■ **Given material**
++++++++
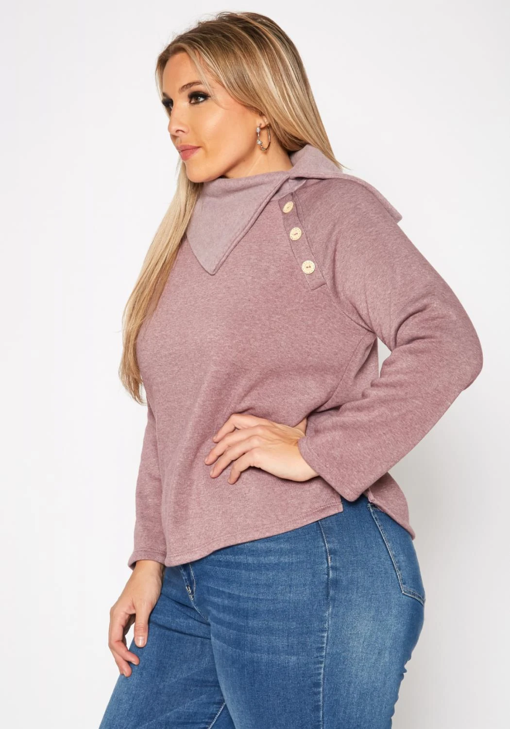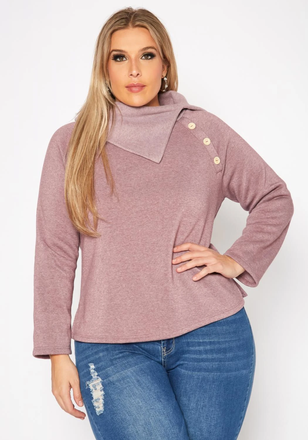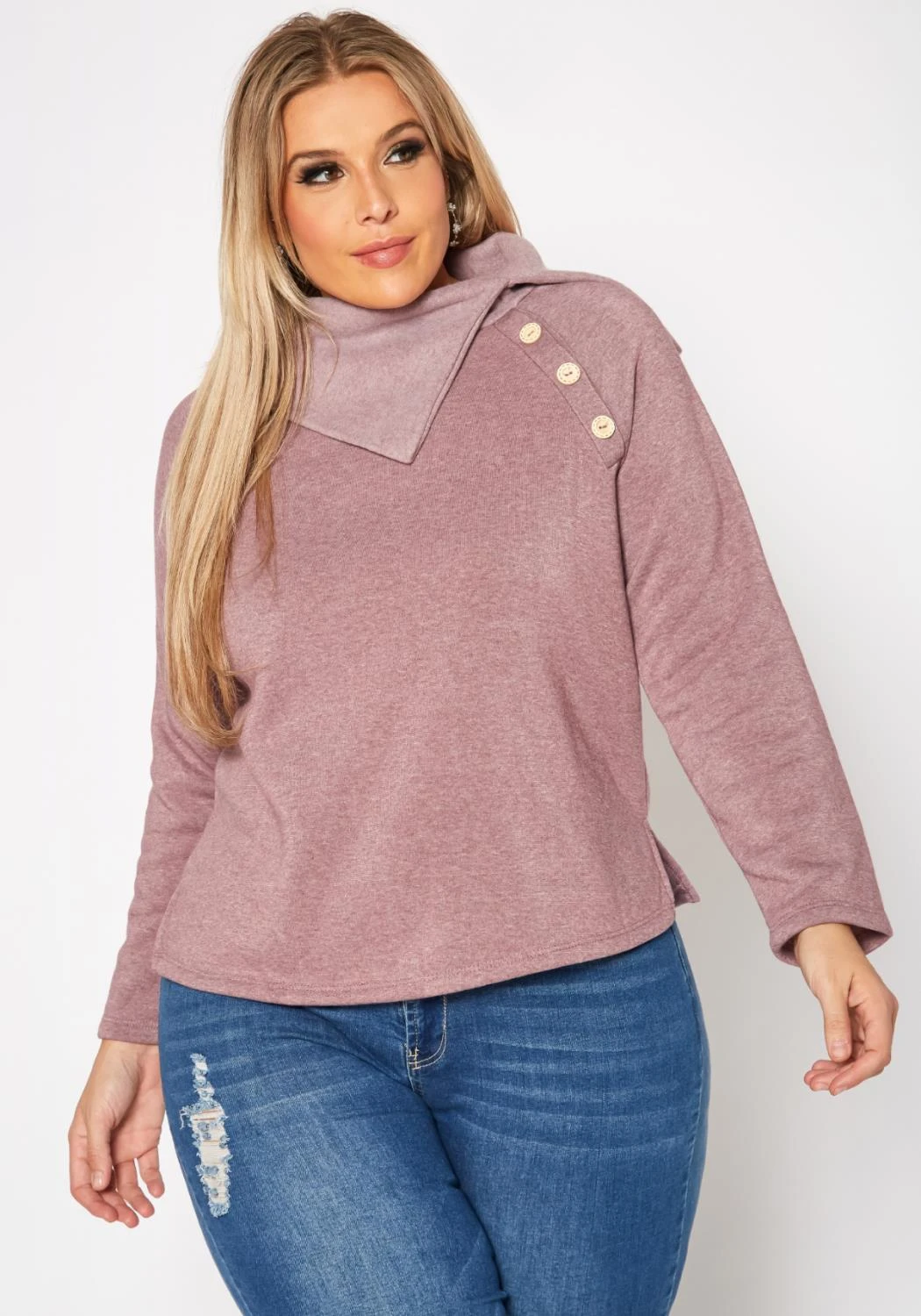 Plus size women’s casual sweater with asymmetric collar neck, long sleeves and button front hem.
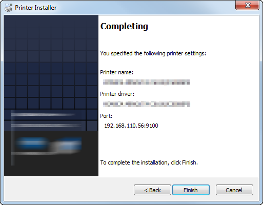 • supplementary explanationYou can confirm the installed items and settings on Installation Completed screen.
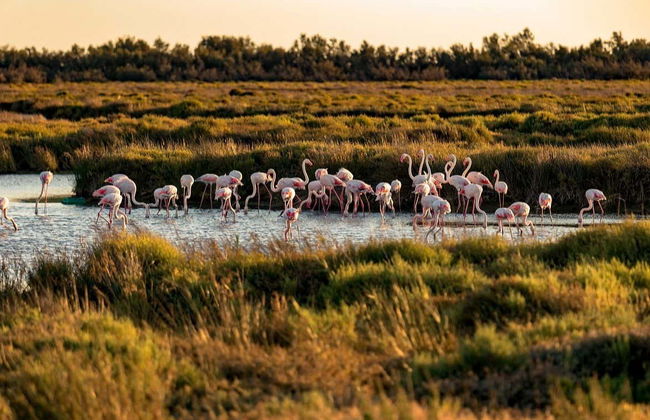 In quest'escursione alla Camargue, Saintes Maries de la Mer e Aigues-Mortes visiteremo una laguna rosa, una città fortificata e una torre di vedetta. Itinerario. Ci troveremo all'orario indicato al Centro Commerciale Oddysseum di Montpellier.
++++++++
■ **Work to be completed**
Would you please write out exactly the lines between the line containing "Installation Completed screen." and the last line of the listing above, inclusive, without pictures?

■ **Result**
 • supplementary explanationYou can confirm the installed items and settings on Installation Completed screen.
 In quest'escursione alla Camargue, Saintes Maries de la Mer e Aigues-Mortes visiteremo una laguna rosa, una città fortificata e una torre di vedetta. Itinerario. Ci troveremo all'orario indicato al Centro Commerciale Oddysseum di Montpellier.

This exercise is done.